The equipment previously used by FEL was derived from agricultural machinery and required more manual handling. A few years ago, after the 7/7 bombings and the failed 21/7 suicide attacks, DSTL staff were asked to outline requirements for a new debris processing facility.

Services provider Serco was contracted to build it with Home Office funds of £500,000 over two years. Among other things, the requirements emphasised operator health and safety and the environmentally friendly disposal of waste.

Wreckage might arrive at the facility in discrete or in large quantities, depending on the severity of the incident.

Millimetre-sized fragments are examined in fume cabinets

"Debris comes to us from a crime scene via the police. The police will normally carry out a pre-sift activity, so we'd only receive material that needs finer examination," explains Mr Morley.

When it arrives, the debris is usually wet, having being hosed down at the crime scene. Red plastic boxes are filled with up to 25kg of debris and raised to the facility's mezzanine level where the contents can be "tumble dried" in modified cement mixers.

The modifications include new motors allowing their speed to be regulated. They are also equipped with de-humidifiers and extractors to assist the drying process.

Once they have finished drying, the fragments are poured into a screening machine on the ground floor. After activation, the machine's vibrating drum produces a thunderous sound; we are handed earplugs before being treated to a demonstration.

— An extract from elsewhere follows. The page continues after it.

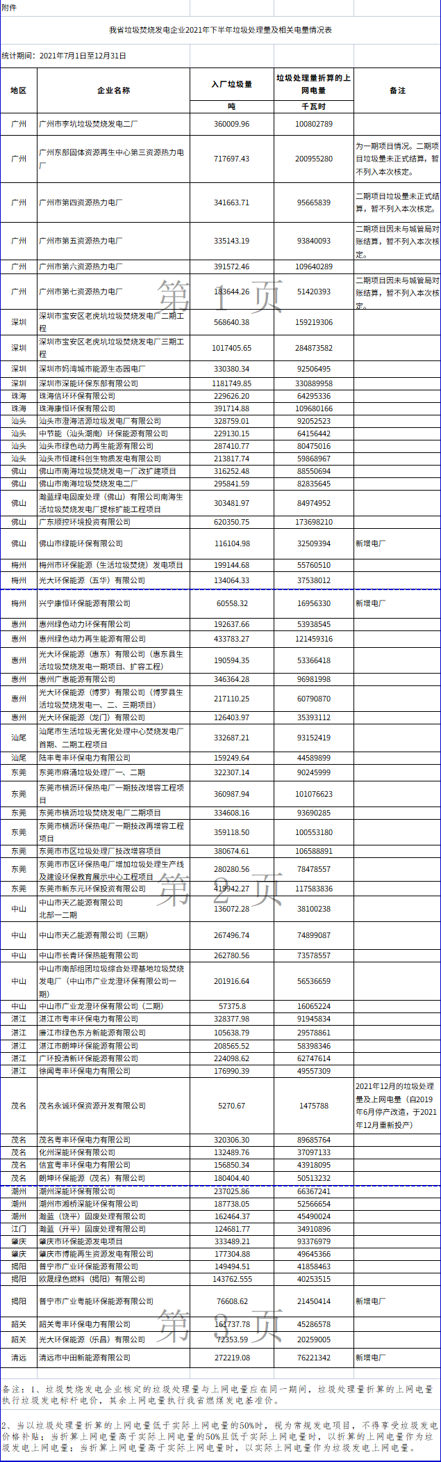 廣東省發(fā)展改革委關(guān)于公布有關(guān)垃圾焚燒發(fā)電企業(yè)2021年下半年垃圾處理量及相關(guān)電量的通知 粵發(fā)改價(jià)格函〔2022〕1180號(hào)各地級(jí)以上市發(fā)展改革局(委),廣東電網(wǎng)公司,深圳供電局,相關(guān)垃圾焚燒發(fā)電企業(yè): 一、根據(jù)原省物價(jià)局《轉(zhuǎn)發(fā)國(guó)家發(fā)展改革委關(guān)于完善垃圾焚燒發(fā)電價(jià)格政策的通知》(粵價(jià)〔2012〕170...

Inside the drum, debris is separated into different grades based on the size of the particles. There are three grades - 12mm, 6mm and 2mm.

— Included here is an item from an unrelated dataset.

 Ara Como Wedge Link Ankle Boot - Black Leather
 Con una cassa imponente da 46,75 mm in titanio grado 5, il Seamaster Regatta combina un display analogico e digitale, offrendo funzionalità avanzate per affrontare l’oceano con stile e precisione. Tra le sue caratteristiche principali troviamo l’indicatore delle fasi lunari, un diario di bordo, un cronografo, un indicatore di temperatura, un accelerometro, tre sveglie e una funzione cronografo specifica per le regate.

The facility has two of these large screening machines set a few metres apart: "The two process lines mean we have the capability to keep one line as a back-up or use both for the quick and efficient processing of large quantities of debris from one or more major incidents," says Dr Shilstone.

If both machines are used, they will process debris from the same crime scene in order to prevent cross-contamination. When technicians have finished with material from an incident, the equipment is stripped down and washed thoroughly - another precaution against contamination.

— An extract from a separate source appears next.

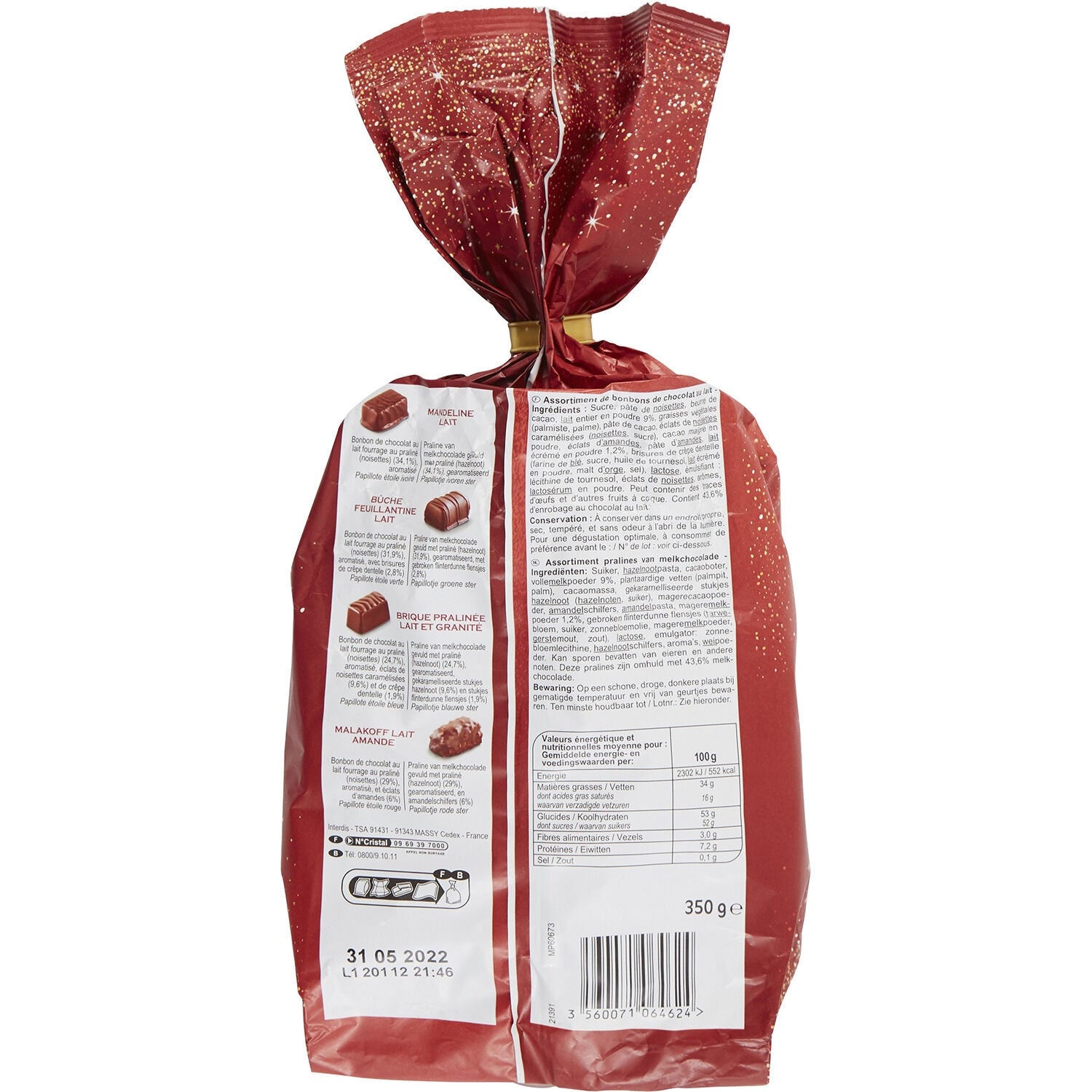 Sugar, HAZELNUT paste, cocoa butter, whole MILK powder, vegetable fats (palm kernel, palm), cocoa paste, caramelized HAZELNUT pieces (HAZELNUTS, sugar), fat-reduced cocoa powder, ALMOND pieces, ALMOND paste, skimmed MILK powder, crêpe dentelle pieces (WHEAT flour, sugar, sunflower oil, skimmed MILK powder, BARLEY malt, salt), LACTOSE, emulsifier: sunflower lecithin, HAZELNUT pieces, flavorings, WHEY powder. Contains 43.6% MILK chocolate coating

Staff look for items that "don't belong" in the background environment

Phil Morley acknowledges the possibility that human tissue could find its way into debris handled by the facility. He says staff members receive appropriate inoculations and support from an onsite occupational health team.

After sorting into different grades, the rubble passes through separate ducts to a forensic examining room next door. Here, technicians scour the debris by hand in ventilated search cabinets.

The examining room hosts three of these "fume cabinets", each with a differently coloured worktop: one black, one white, one green. The different inlays assist with visual discrimination of the debris, says Mr Morley.

The fume cabinets are equipped with magnets to quickly identify any fragments of metal. Mechanical elements of the bomb such as the remains of timing devices or wires could potentially be linked to a suspect by police.

Out of place

Mr Morley's team works on behalf of a forensic case officer, who is responsible for the crime scene material. At the beginning of the sifting process, the case officer will have briefed the search team on the background environment from which the material has come.

"We're not looking for anything specific, we're just looking for things that are alien to that background environment," Phil Morley explains. When team members find fragments that "don't belong", they put them aside for a case officer to assess in detail.

Case officers undergo rigorous training for a minimum of four years to equip them with skills necessary to safely handle explosives and to examine bomb debris.

The DSTL laboratory has a scientist on-call 24 hours a day to advise UK police services on explosives. Scientists from FEL can be deployed to the scene of an incident on police request.